In the entries below, repeat only the lines between those holding "Coloca-se no chão" and "Uchana News: भजनवाणी", inclusive. Leave pictures out.
___ Given records
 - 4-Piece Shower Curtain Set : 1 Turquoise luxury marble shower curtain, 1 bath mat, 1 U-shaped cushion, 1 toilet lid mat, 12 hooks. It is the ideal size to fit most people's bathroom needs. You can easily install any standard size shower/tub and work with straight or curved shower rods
______
___ Given records
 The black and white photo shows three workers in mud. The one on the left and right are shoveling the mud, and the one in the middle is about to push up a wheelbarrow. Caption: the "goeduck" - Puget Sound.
______
___ Given records
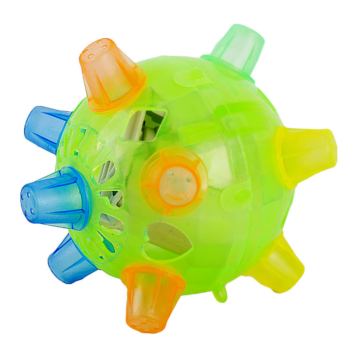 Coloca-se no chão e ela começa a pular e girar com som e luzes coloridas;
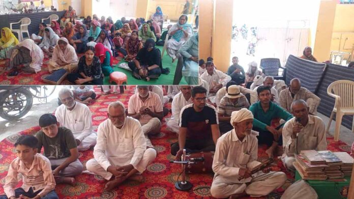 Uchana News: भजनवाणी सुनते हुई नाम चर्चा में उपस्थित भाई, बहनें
______
» **Solution**:
 Coloca-se no chão e ela começa a pular e girar com som e luzes coloridas;
 Uchana News: भजनवाणी सुनते हुई नाम चर्चा में उपस्थित भाई, बहनें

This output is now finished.